Documents → Paperless-ngx → rclone → S3 Bucket
↓
PostgreSQL (metadata)
Redis (task queue)
Tesseract (OCR)
Step 1: Deploy Paperless-ngx on Elestio
The fastest path is Elestio's managed Paperless-ngx. Select your provider, click deploy, and you're running in minutes with backups and updates handled automatically.
For self-managed deployments, here's the Docker Compose setup:
version: "3.8"
services:
broker:
image: redis:7
restart: always
volumes:
- redis_data:/data
db:
image: postgres:15
restart: always
volumes:
- pgdata:/var/lib/postgresql/data
environment:
POSTGRES_DB: paperless
POSTGRES_USER: paperless
POSTGRES_PASSWORD: ${DB_PASSWORD}
webserver:
image: ghcr.io/paperless-ngx/paperless-ngx:latest
restart: always
depends_on:
- db
- broker
ports:
- "8000:8000"
volumes:
- data:/usr/src/paperless/data
- media:/usr/src/paperless/media
- ./consume:/usr/src/paperless/consume
environment:
PAPERLESS_REDIS: redis://broker:6379
PAPERLESS_DBHOST: db
PAPERLESS_DBPASS: ${DB_PASSWORD}
PAPERLESS_OCR_LANGUAGE: eng
PAPERLESS_SECRET_KEY: ${SECRET_KEY}
volumes:
redis_data:
pgdata:
data:
media:
Step 2: Add S3 Storage with rclone
Install the rclone Docker volume plugin:
docker plugin install rclone/docker-volume-rclone:amd64 \
args="-v" --alias rclone --grant-all-permissions
Create your rclone configuration at /var/lib/docker-plugins/rclone/config/rclone.conf:
[s3documents]
type = s3
provider = AWS
access_key_id = YOUR_ACCESS_KEY
secret_access_key = YOUR_SECRET_KEY
region = us-east-1
For MinIO or other S3-compatible storage, add the endpoint:
[minio]
type = s3
provider = Minio
access_key_id = YOUR_ACCESS_KEY
secret_access_key = YOUR_SECRET_KEY
endpoint = https://minio.yourdomain.com
Update your Docker Compose to use the S3 volume:
webserver:
volumes:
- s3documents:/usr/src/paperless/media/documents
- data:/usr/src/paperless/data
volumes:
s3documents:
driver: rclone
driver_opts:
remote: "s3documents:your-bucket-name/documents"
allow_other: "true"
vfs_cache_mode: "full"
Restart the stack:
docker compose down && docker compose up -d
Step 3: Configure OCR
Paperless-ngx uses Tesseract for OCR. Key environment variables:
environment:
PAPERLESS_OCR_LANGUAGE: eng+fra+deu # Multiple languages
PAPERLESS_OCR_MODE: skip_noarchive # Skip OCR if text exists
PAPERLESS_OCR_ROTATE_PAGES: true # Auto-correct rotation
PAPERLESS_OCR_OUTPUT_TYPE: pdfa # PDF/A for archival
For documents with poor scan quality, enable image preprocessing:
PAPERLESS_OCR_DESKEW: true
PAPERLESS_OCR_CLEAN: clean-final
Step 4: Set Up Automated Tagging
Paperless-ngx has three matching algorithms for auto-tagging:
| Algorithm | Use Case |
|---|---|
| Exact | Match specific phrases ("Bank of America") |
| Fuzzy | Partial matches, typo-tolerant |
| Auto | Neural network learns from your tagging |
Create a tag in the web UI, set the matching algorithm, and define your match text. For example:
- Tag: "Utilities"
- Algorithm: Any
- Match: "electricity" "water bill" "gas company"

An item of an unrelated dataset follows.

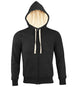 SOL'S Unisex Sherpa Hooded Jacket Material: 80% cotton/20% polyester. 100% polyester cream sherpa lined body and hood. Cream drawcord. Full length covered zip. Front pouch pockets. Deep ribbed cuffs and hem. Weight: 280 gsm
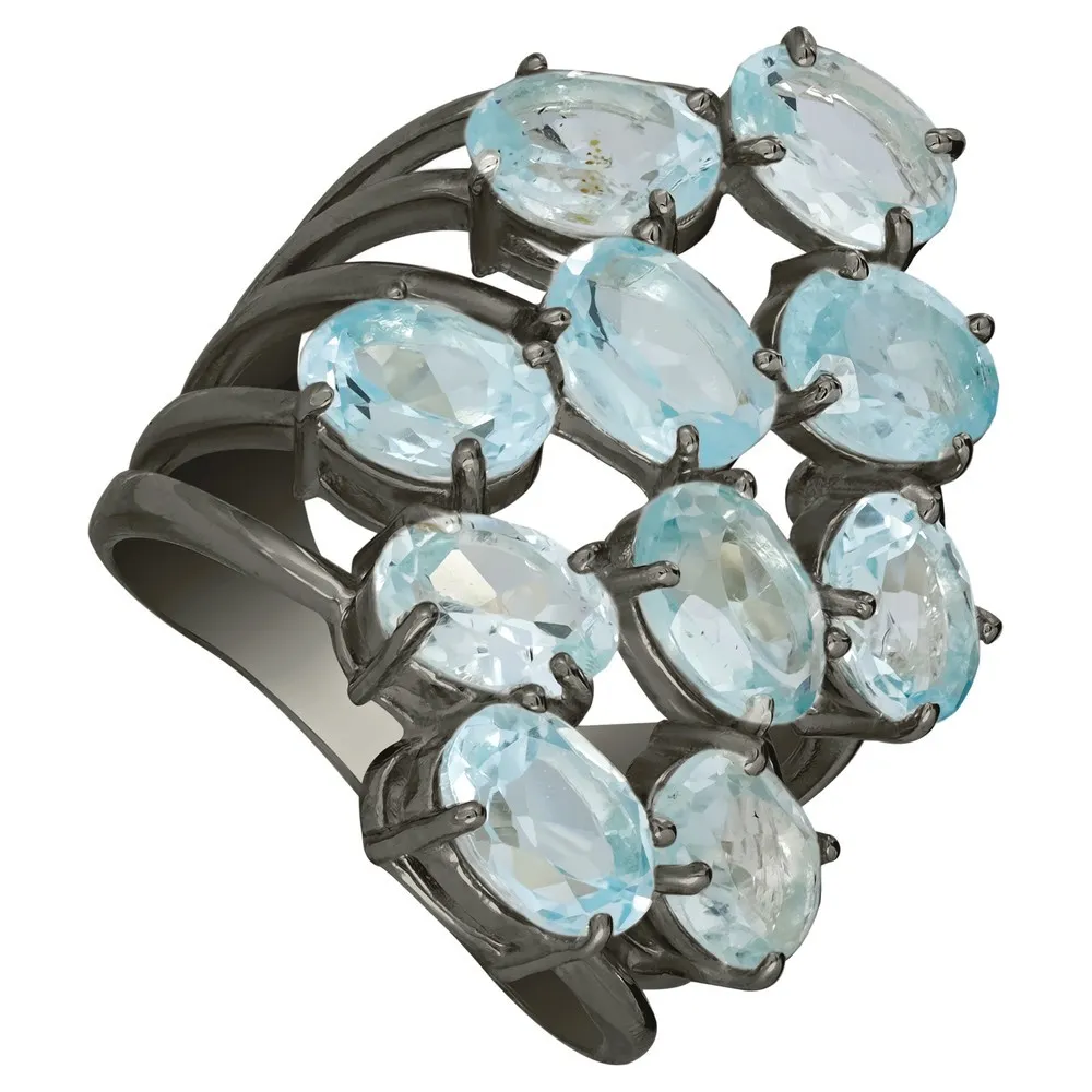 Серебряное кольцо с натуральным топазом - коллекция Аэлита, покрытие Черный Родий.

The Auto algorithm is powerful. Tag a few documents manually, and Paperless learns the patterns. It trains hourly by default.
Step 5: API Integration for Automated Ingestion
Generate an API token from Settings → Django Admin → Auth Tokens.
Upload documents programmatically:
import requests
API_URL = "https://paperless.yourdomain.com/api"
TOKEN = "your-api-token"
def upload_document(file_path, tags=None):
headers = {"Authorization": f"Token {TOKEN}"}
with open(file_path, "rb") as f:
files = {"document": f}
data = {}
if tags:
data["tags"] = tags
response = requests.post(
f"{API_URL}/documents/post_document/",
headers=headers,
files=files,
data=data
)
return response.json()
# Upload with auto-tagging
upload_document("/path/to/invoice.pdf")
For email ingestion, point your scanner or email rules at the consume folder. Paperless watches it automatically.
Troubleshooting
S3 mount not working? Check rclone plugin logs: docker plugin inspect rclone --format '{{.Settings.Mounts}}'. Verify credentials with rclone lsd s3documents:.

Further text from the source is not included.